(Beginning of EXTRACTED RECORDS)

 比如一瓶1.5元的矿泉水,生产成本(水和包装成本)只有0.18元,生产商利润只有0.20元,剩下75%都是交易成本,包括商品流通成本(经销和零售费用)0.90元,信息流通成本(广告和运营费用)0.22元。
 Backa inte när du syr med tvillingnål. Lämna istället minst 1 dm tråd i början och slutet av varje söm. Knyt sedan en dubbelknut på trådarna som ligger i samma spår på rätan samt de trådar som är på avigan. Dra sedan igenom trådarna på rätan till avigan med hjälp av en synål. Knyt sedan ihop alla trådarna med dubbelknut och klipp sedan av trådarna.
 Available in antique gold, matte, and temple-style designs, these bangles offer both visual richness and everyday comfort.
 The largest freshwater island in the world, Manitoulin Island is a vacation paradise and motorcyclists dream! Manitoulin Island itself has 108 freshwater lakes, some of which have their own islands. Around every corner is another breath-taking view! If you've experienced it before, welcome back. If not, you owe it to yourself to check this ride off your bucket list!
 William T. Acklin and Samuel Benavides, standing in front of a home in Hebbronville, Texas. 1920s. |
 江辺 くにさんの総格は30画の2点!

(End of EXTRACTED RECORDS)
(Beginning of EXTRACTED RECORDS)

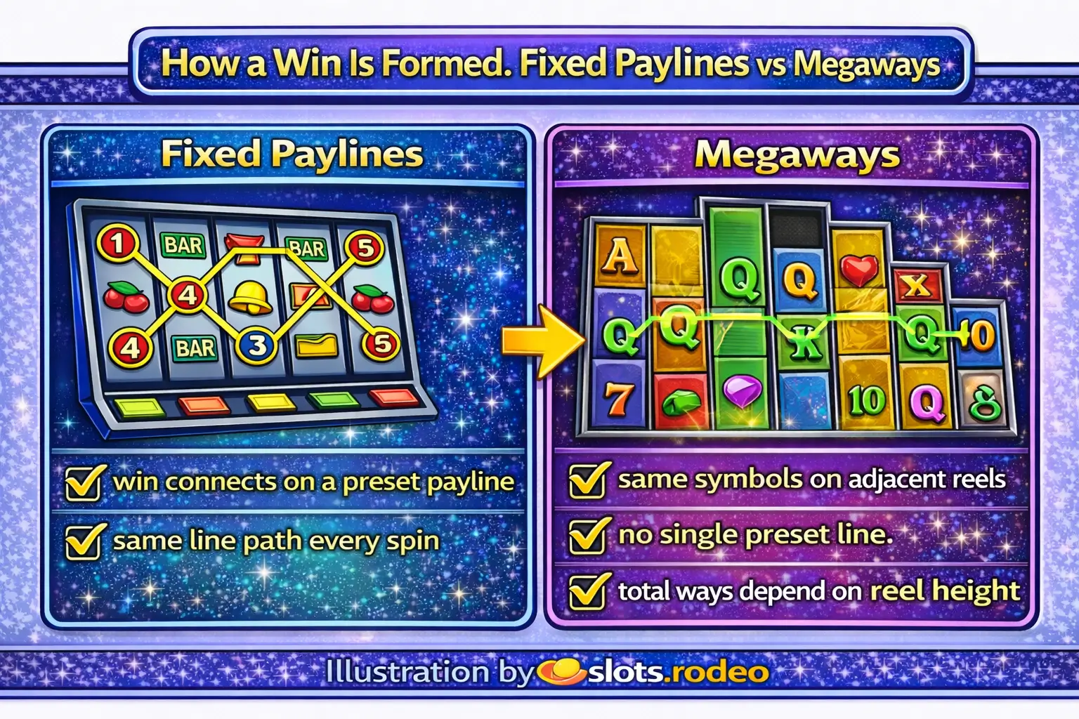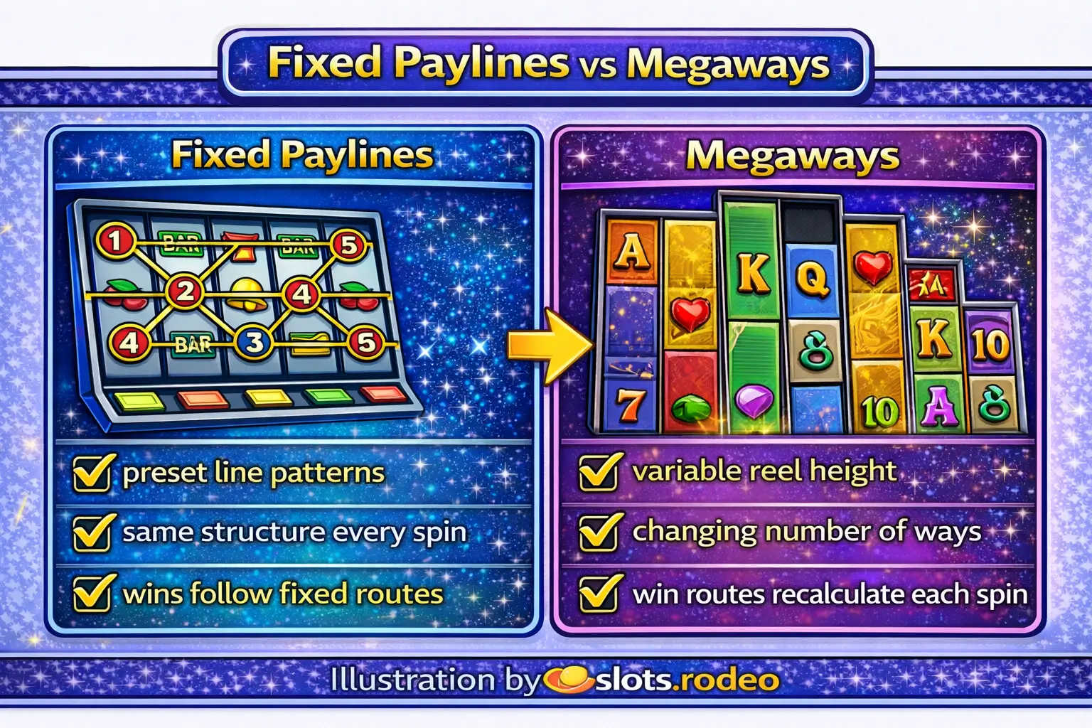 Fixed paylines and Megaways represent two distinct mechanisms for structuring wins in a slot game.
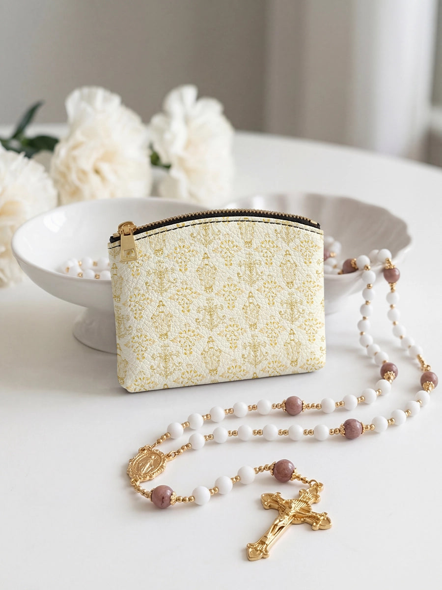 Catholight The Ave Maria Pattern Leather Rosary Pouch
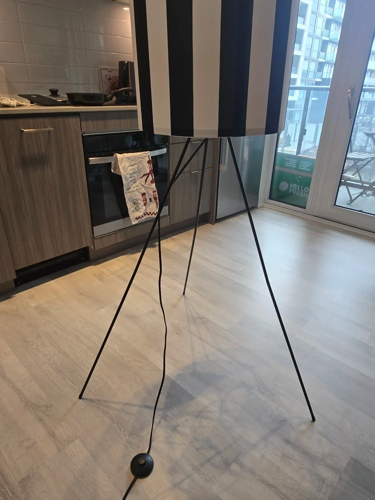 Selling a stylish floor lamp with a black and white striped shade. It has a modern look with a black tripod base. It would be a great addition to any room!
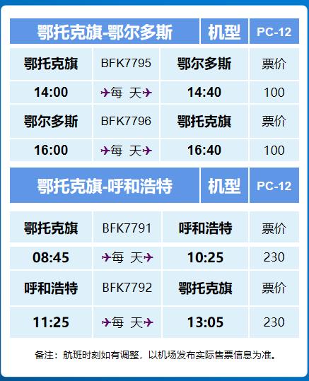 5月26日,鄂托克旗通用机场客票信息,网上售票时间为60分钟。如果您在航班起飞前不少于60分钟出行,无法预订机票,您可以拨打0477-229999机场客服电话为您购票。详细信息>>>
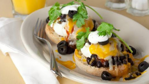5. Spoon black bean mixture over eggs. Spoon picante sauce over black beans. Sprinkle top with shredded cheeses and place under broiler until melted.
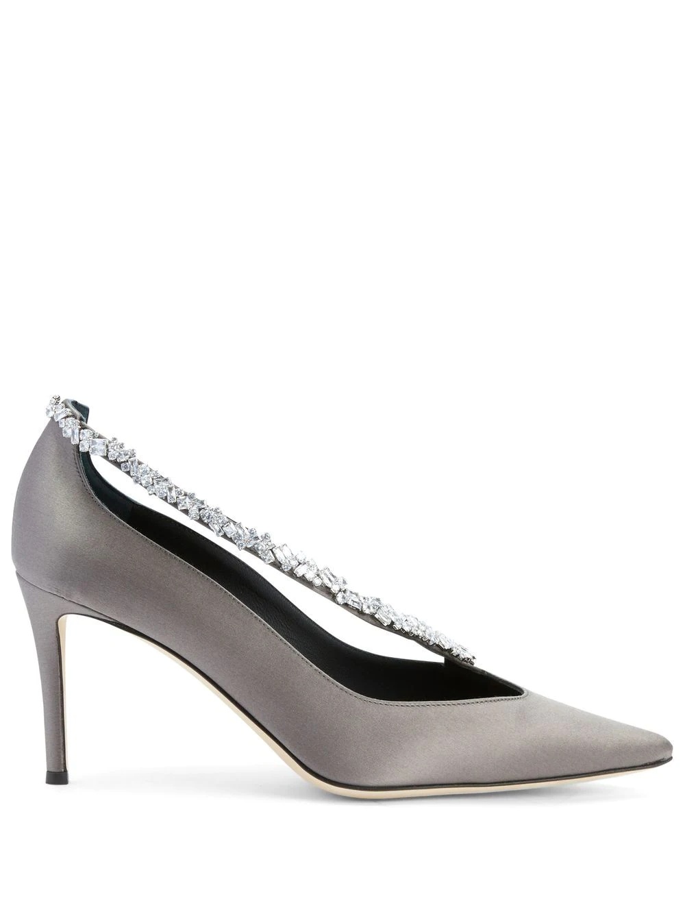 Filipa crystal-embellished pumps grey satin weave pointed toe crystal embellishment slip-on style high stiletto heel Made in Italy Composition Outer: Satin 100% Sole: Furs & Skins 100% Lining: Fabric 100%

(End of EXTRACTED RECORDS)

• **TASK STATEMENT**: From the entries above, give again exactly the lines running from the line with "The largest freshwater" to the line with "江辺 くにさんの総格は30画の2点!"; include both of those lines.

• **ANSWER TO THE PROBLEM**:
 The largest freshwater island in the world, Manitoulin Island is a vacation paradise and motorcyclists dream! Manitoulin Island itself has 108 freshwater lakes, some of which have their own islands. Around every corner is another breath-taking view! If you've experienced it before, welcome back. If not, you owe it to yourself to check this ride off your bucket list!
 William T. Acklin and Samuel Benavides, standing in front of a home in Hebbronville, Texas. 1920s. |
 江辺 くにさんの総格は30画の2点!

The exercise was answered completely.